== DIRECTIONS ==
Copy out exactly, from the entries that follow, the line holding "전남인재평생교육원은 앞으로도 공정", the line holding "為了解受助學生內心的想法,增", and all lines between them, but no pictures.

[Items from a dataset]
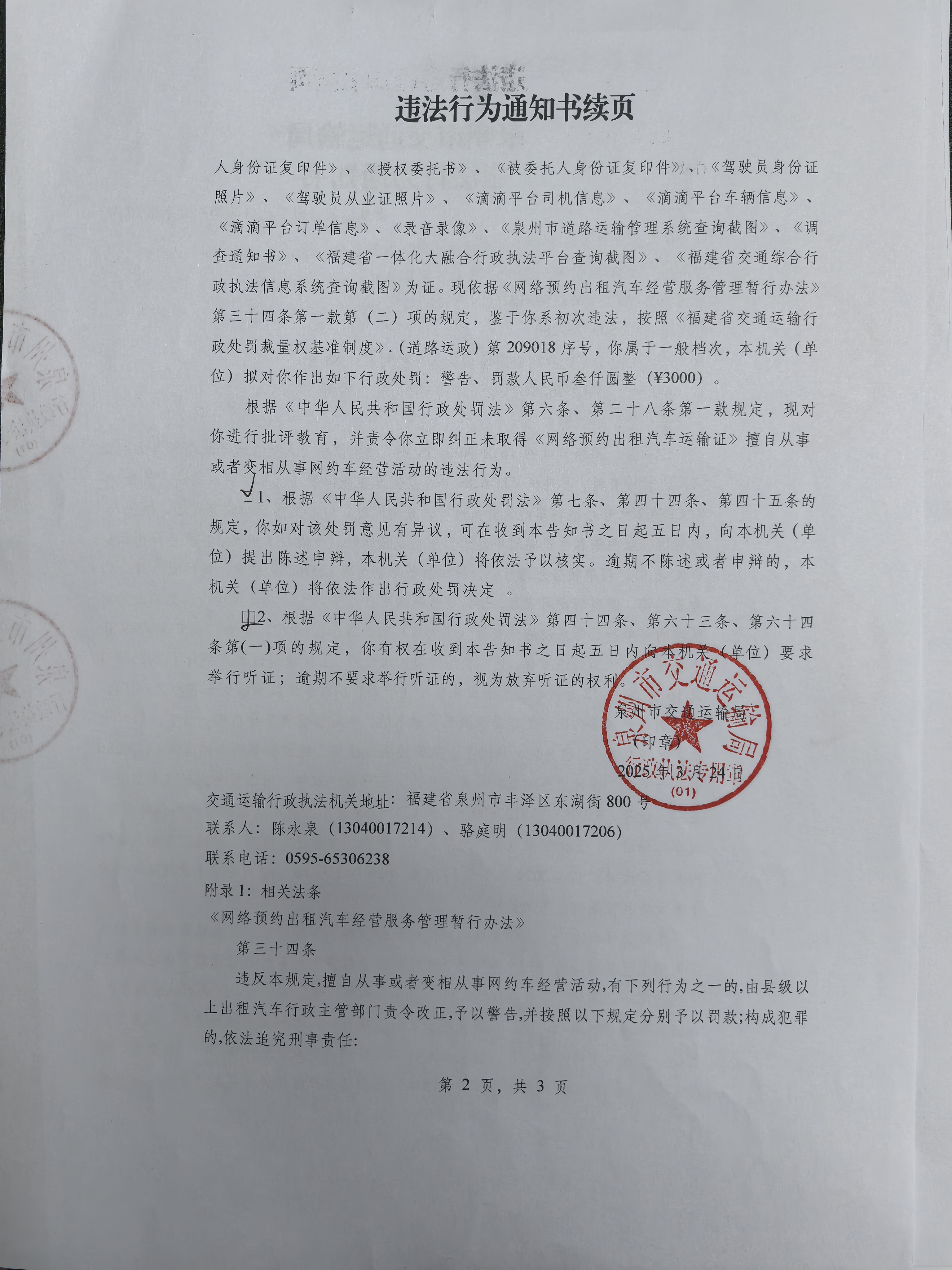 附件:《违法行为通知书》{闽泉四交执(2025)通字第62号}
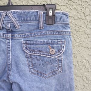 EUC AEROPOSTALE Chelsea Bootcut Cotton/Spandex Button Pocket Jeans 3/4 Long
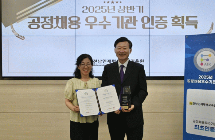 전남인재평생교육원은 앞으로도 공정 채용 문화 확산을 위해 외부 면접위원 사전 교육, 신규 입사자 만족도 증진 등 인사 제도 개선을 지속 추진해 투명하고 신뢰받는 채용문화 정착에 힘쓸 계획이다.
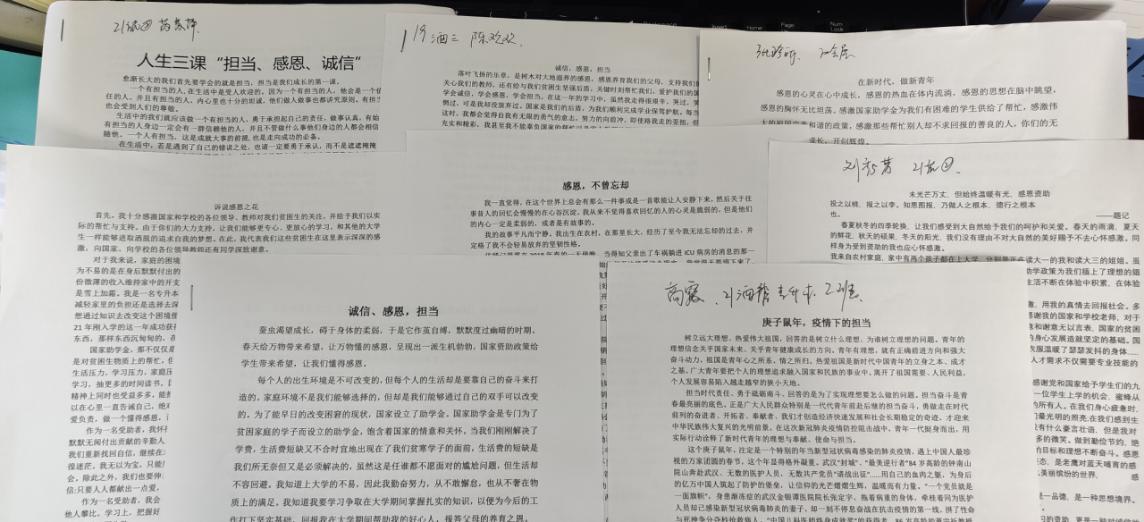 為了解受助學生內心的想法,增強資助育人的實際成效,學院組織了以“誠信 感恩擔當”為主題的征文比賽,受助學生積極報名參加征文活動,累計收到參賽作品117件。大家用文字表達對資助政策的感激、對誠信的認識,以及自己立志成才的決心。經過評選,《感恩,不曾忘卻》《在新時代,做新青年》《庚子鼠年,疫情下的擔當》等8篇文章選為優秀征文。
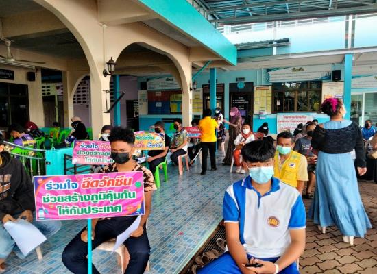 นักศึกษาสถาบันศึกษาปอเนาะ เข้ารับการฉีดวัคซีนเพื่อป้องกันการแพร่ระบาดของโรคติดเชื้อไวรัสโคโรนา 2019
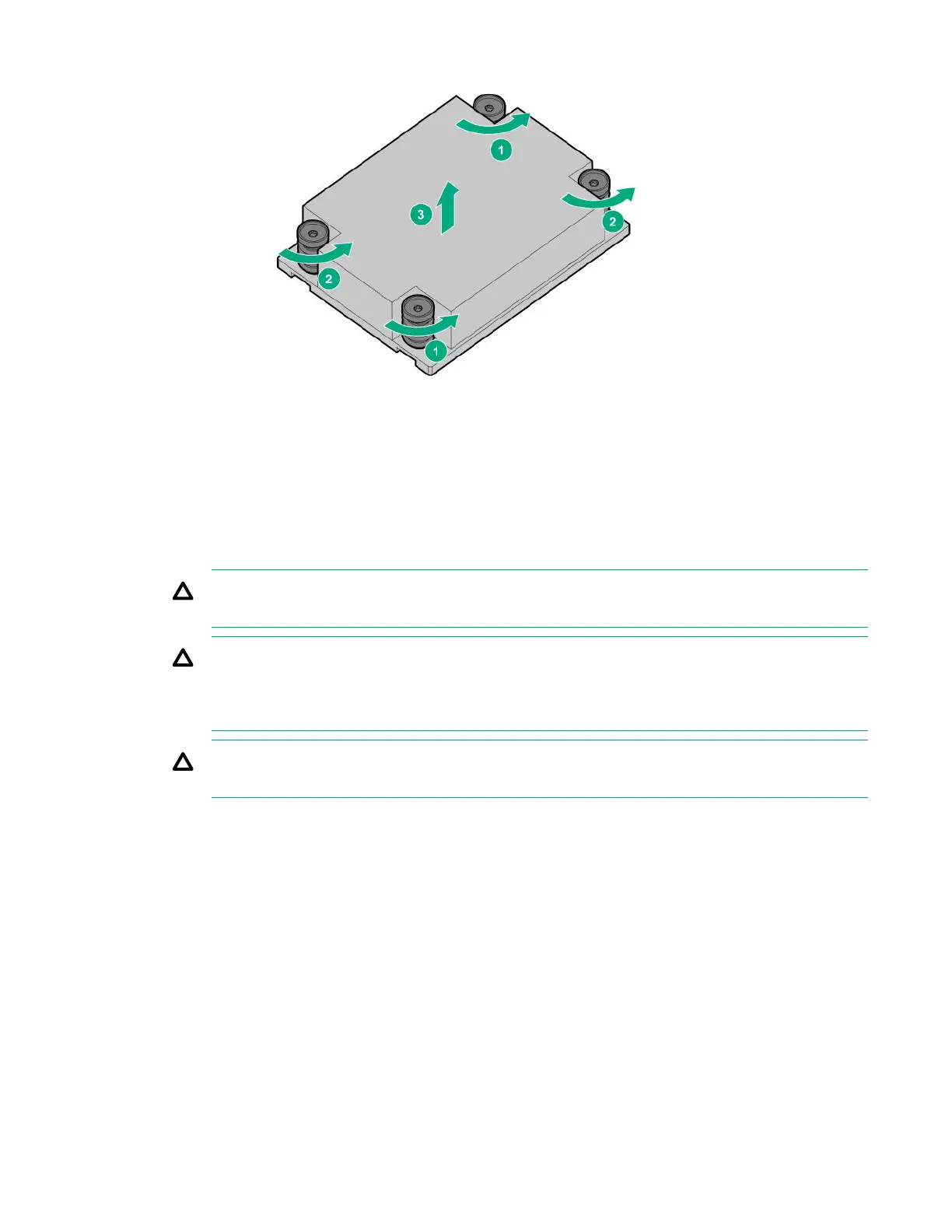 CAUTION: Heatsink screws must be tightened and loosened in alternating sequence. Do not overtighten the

== EXERCISE ANSWER ==
 전남인재평생교육원은 앞으로도 공정 채용 문화 확산을 위해 외부 면접위원 사전 교육, 신규 입사자 만족도 증진 등 인사 제도 개선을 지속 추진해 투명하고 신뢰받는 채용문화 정착에 힘쓸 계획이다.
 為了解受助學生內心的想法,增強資助育人的實際成效,學院組織了以“誠信 感恩擔當”為主題的征文比賽,受助學生積極報名參加征文活動,累計收到參賽作品117件。大家用文字表達對資助政策的感激、對誠信的認識,以及自己立志成才的決心。經過評選,《感恩,不曾忘卻》《在新時代,做新青年》《庚子鼠年,疫情下的擔當》等8篇文章選為優秀征文。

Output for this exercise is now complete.